Es lag mir vorwiegend daran, eine Webfunktionalität zu entwickeln, die universell einsetzbar ist. Was das jedoch in der Praxis bedeutet, wurde mir bewusst, als ich einen Artikel über Microservices auf dem nginx-Blog gelesen habe98. Mein Verständnis einer universellen Anwendung wurde damit konkretisiert und ich habe mich darauf konzentriert, einen VoD-Encoder mit diesem Paradigma zu beschreiben.

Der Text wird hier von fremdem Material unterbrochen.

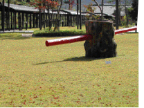
昨年の遊戯出合いのあーと展

大豆の収穫と 味噌づくり体験教室 11月10日(日) 10:30~15:30・20名 1,000円(弁当代など) 11/5申込締切

Es ist in der Webentwicklung verlockend jegliche möglichen, einbaubaren Funktionen und Interaktionen einer Webanwendung in Betracht zu ziehen und ihren Nutzen für das Endprodukt zu projizieren. Doch gewinnt im Internet heutzutage die Spezialisierung, in der eine zu große Allgemeinheit kontraproduktiv ist. In Hinsicht auf die Konzipierung und den Entwurf der Web-API musste ich auf jegliche Services, die nicht im direkten Fokus der geplanten Funktionalität liegen, verzichten. Es war jedoch für meine Kreativität fördernd, sich aus etlichen Webfunktionen einen klar definierten Abschnitt vorzunehmen und ihn gründlich durchzuführen, statt durch einen chaotischen Entwurf das Ziel zu verfehlen – ein funktionelles und nutzbares Programm zu schaffen.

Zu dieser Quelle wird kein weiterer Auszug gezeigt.